For all the recent improvements in artificial intelligence, the technology still cannot take the place of human beings in situations where it must frame its perceptions of the world in words that people can understand.
You might have thought that the many apparent advances in speech recognition would have solved the problem already. After all, Apple’s Siri, Microsoft’s Cortana, Amazon’s Alexa and Google Home are all very impressive, but these systems function solely on voice input: They can’t understand or react to the environment around them.
To bridge this communications gap, our team at Mitsubishi Electric Research Laboratories has developed and built an AI system that does just that. We call the system scene-aware interaction, and we plan to include it in cars.
As we drive down a street in downtown Los Angeles, our system’s synthesized voice provides navigation instructions. But it doesn’t give the sometimes hard-to-follow directions you’d get from an ordinary navigation system. Our system understands its surroundings and provides intuitive driving instructions, the way a passenger sitting in the seat beside you might do. It might say, “Follow the black car to turn right” or “Turn left at the building with a billboard.” The system will also issue warnings, for example: “Watch out for the oncoming bus in the opposite lane.”
To support improved automotive safety and autonomous driving, vehicles are being equipped with more sensors than ever before. Cameras, millimeter-wave radar, and ultrasonic sensors are used for automatic cruise control, emergency braking, lane keeping, and parking assistance. Cameras inside the vehicle are being used to monitor the health of drivers, too. But beyond the beeps that alert the driver to the presence of a car in their blind spot or the vibrations of the steering wheel warning that the car is drifting out of its lane, none of these sensors does much to alter the driver’s interaction with the vehicle.
Voice alerts offer a much more flexible way for the AI to help the driver. Some recent studies have shown that spoken messages are the best way to convey what the alert is about and are the preferable option in low-urgency driving situations. And indeed, the auto industry is beginning to embrace technology that works in the manner of a virtual assistant. Indeed, some carmakers have announced plans to introduce conversational agents that both assist drivers with operating their vehicles and help them to organize their daily lives.

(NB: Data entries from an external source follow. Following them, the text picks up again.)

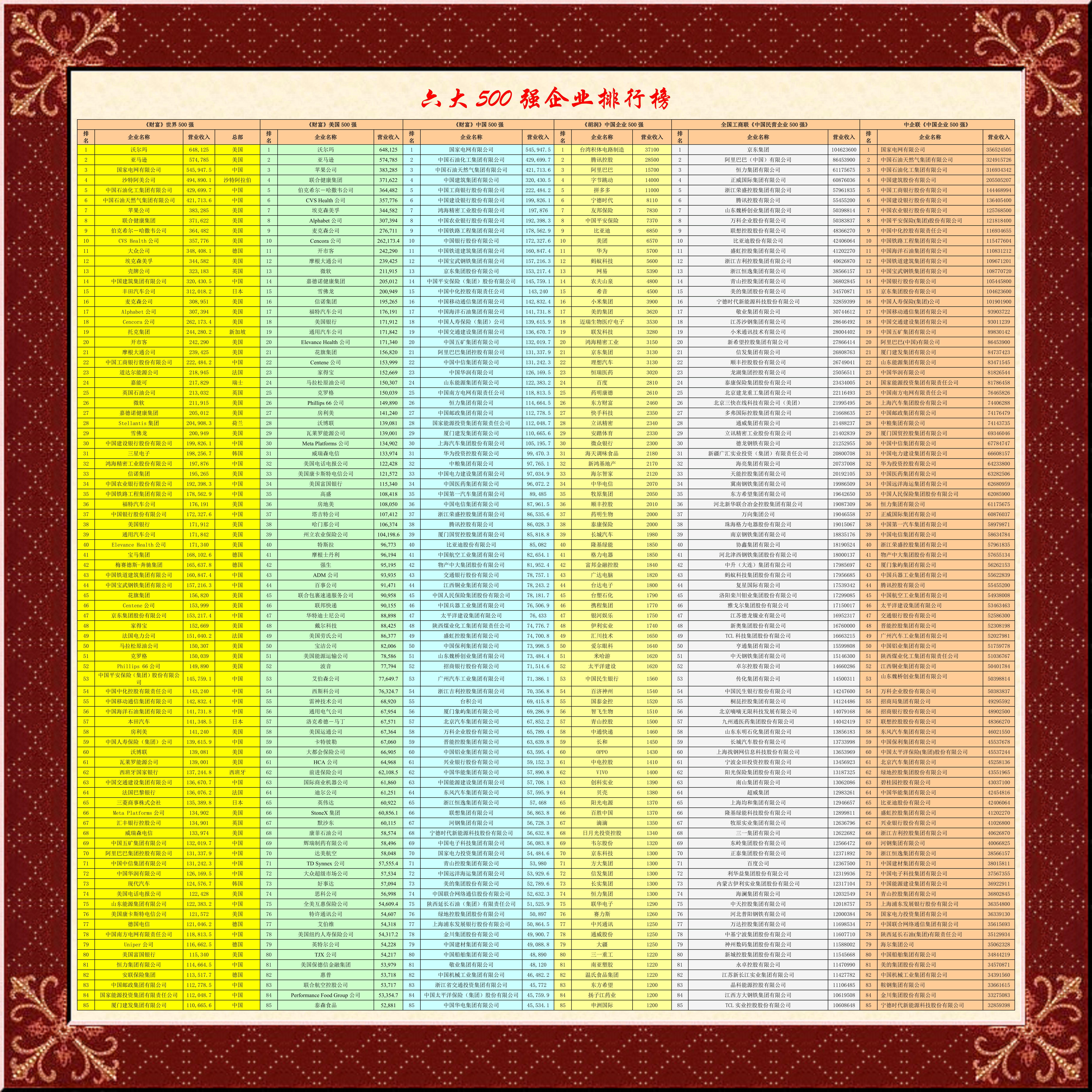 《財富》世界500強、美國500強、中國500強,胡潤《中國500強》,中企聯《中國企業500強》和全國工商聯《中國民營企業500強》六大榜單,我們縱橫比較一下,看看高低差距。
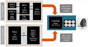 對于汽車用BLDC控制系統(tǒng)來說,希望能做到PCB尺寸小,BOM成本低以及簡單可靠,低功耗等特點(diǎn),針對這系列的需求,飛思卡爾半導(dǎo)體推出針對汽車三相無刷電機(jī)的單芯片解決方案S12ZVM家族。S12ZVM是目前市場上集成度最高的無刷直流(BLDC)電機(jī)控制解決方案,有助于加快從直流(DC)到BLDC電機(jī)的過渡。
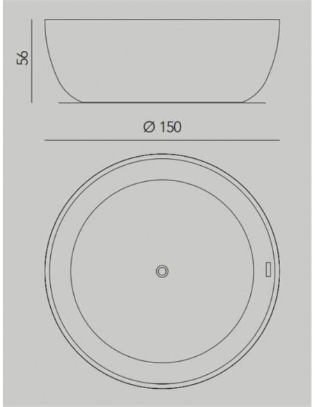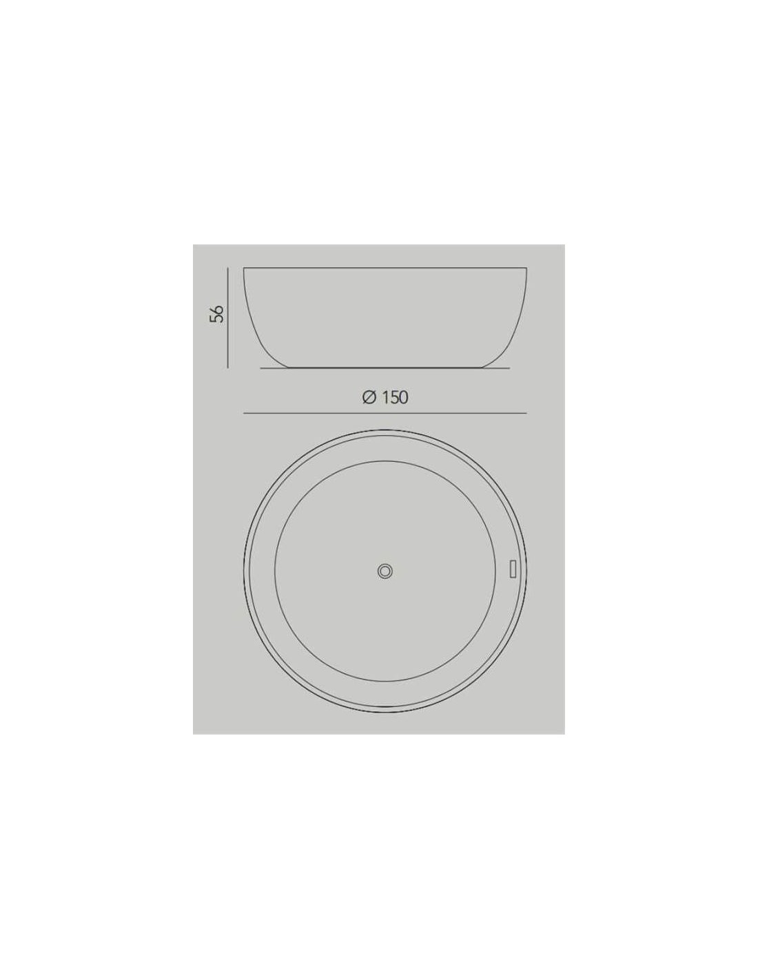 Rundt fritstående badekar udført i et design fremstillet i det solide materiale "Corian Solid Surface", der ikke alene giver badeværelset et stilrent design, men samtidig er lækkert at røre ved. Badekaret måler 150 cm i diameter og 56 cm i højden (ydermål). Leveres med pop-up bundventil med cover og bundventil.
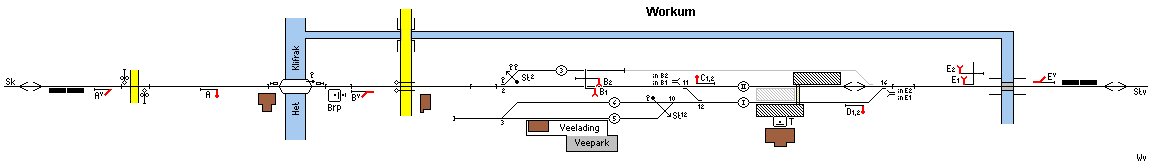 Ligging van de diverse stations en aansluitingen tussen Workum en Stavoren.
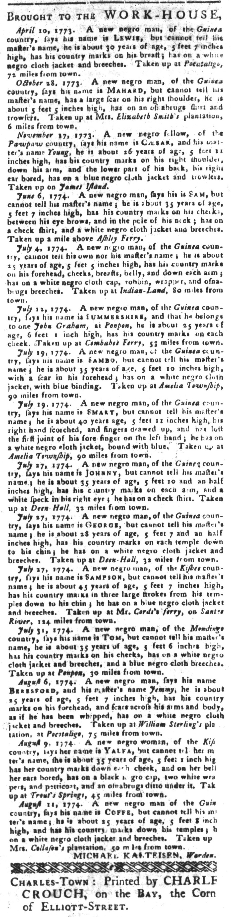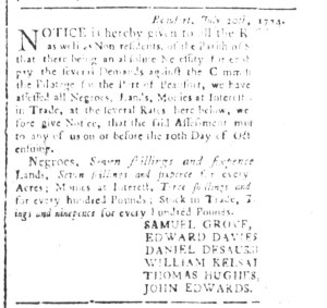 Yet his intentions had been thwarted so far because “the different Presses in this city are at present engaged with political matters.” Hume had apparently shopped around to Dunlap’s Pennsylvania Packet, the Pennsylvania Gazette, and the Pennsylvania Journal, but none of the printers chose to accept his narrative for publication in their newspapers. Whatever their reasons for rejecting it, they invoked current events as justification. In recent months the imperial crisis intensified as the colonies received word of the Boston Port Act, the Massachusetts Government Act, and the other Coercive Acts passed as punishment for the Boston Tea Party. Parliament sought to restore order, but many colonizers believed their liberties as English subjects were under attack. For his part, Hume had his own concerns about his “right to claim the privileges of an American subject, and the laws of the land for justice, in punishing this villain Rodgers, for his inhuman treatment to me.” That incident, however, did not rise to the level that printers in Philadelphia gave priority to publishing it. Hume circumvented their editorial decisions, at least in part, by including his allegations against Rodgers in a paid notice, thus raising an alarm that others needed to be cautious when interacting with the ferry operator.
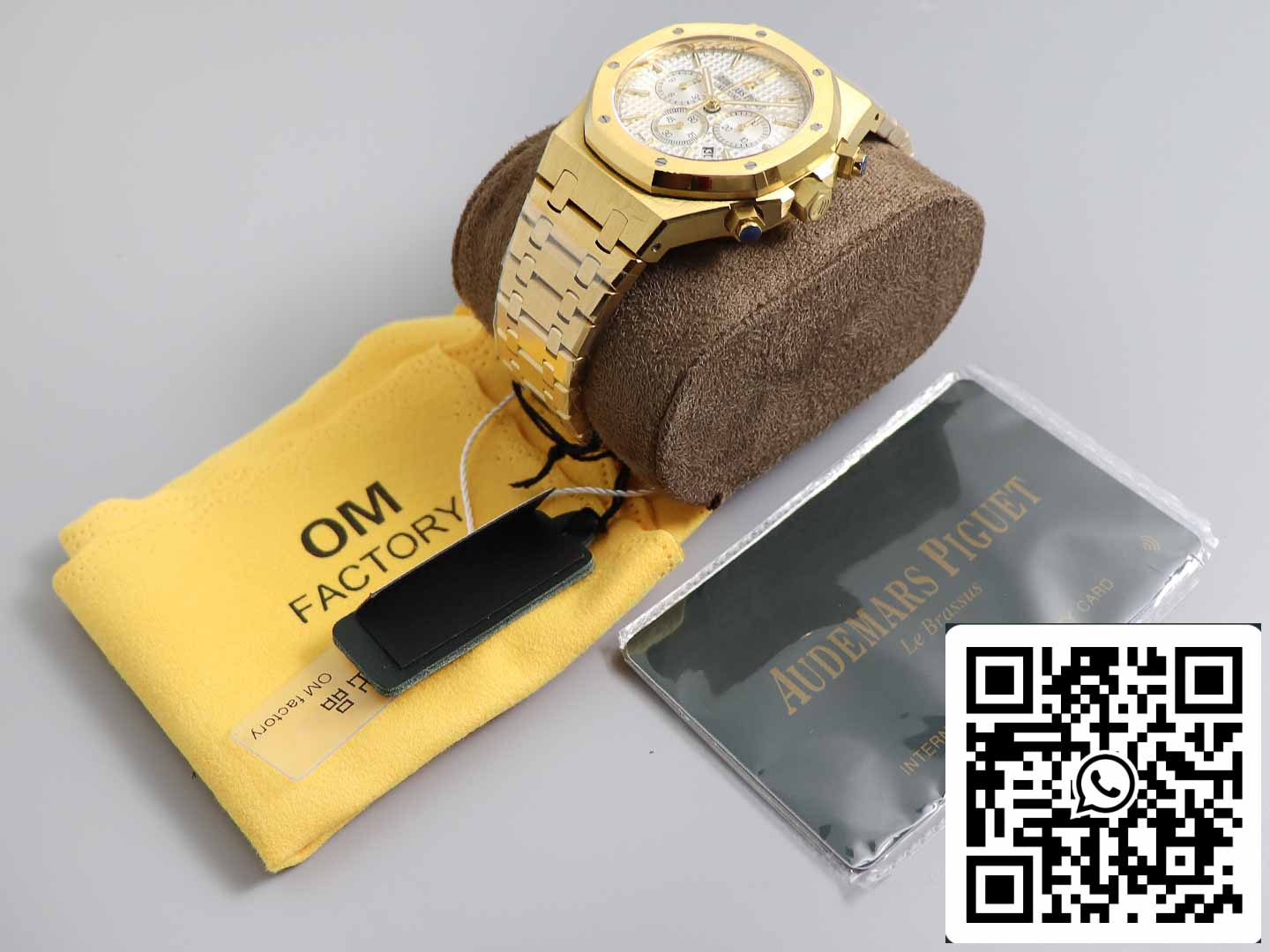 - The Royal Oak dial is decorated with the iconic "tapisserie" grid pattern, which, though seemingly simple, is astonishing in its detail. The dial undergoes processes including lathe work, engraving, polishing, coloring, baking, scale riveting, and luminous filling—remarkably intricate! Same functionality, same quality, different price. Limited release, and as always, OM products are guaranteed to be premium.

Scene-Aware Interaction Technology
The idea for building an intuitive navigation system based on an array of automotive sensors came up in 2012 during discussions with our colleagues at Mitsubishi Electric’s automotive business division in Sanda, Japan. We noted that when you’re sitting next to the driver, you don’t say, “Turn right in 20 meters.” Instead, you’ll say, “Turn at that Starbucks on the corner.” You might also warn the driver of a lane that’s clogged up ahead or of a bicycle that’s about to cross the car’s path. And if the driver misunderstands what you say, you’ll go on to clarify what you meant. While this approach to giving directions or guidance comes naturally to people, it is well beyond the capabilities of today’s car-navigation systems.
Although we were keen to construct such an advanced vehicle-navigation aid, many of the component technologies, including the vision and language aspects, were not sufficiently mature. So we put the idea on hold, expecting to revisit it when the time was ripe. We had been researching many of the technologies that would be needed, including object detection and tracking, depth estimation, semantic scene labeling, vision-based localization, and speech processing. And these technologies were advancing rapidly, thanks to the deep-learning revolution.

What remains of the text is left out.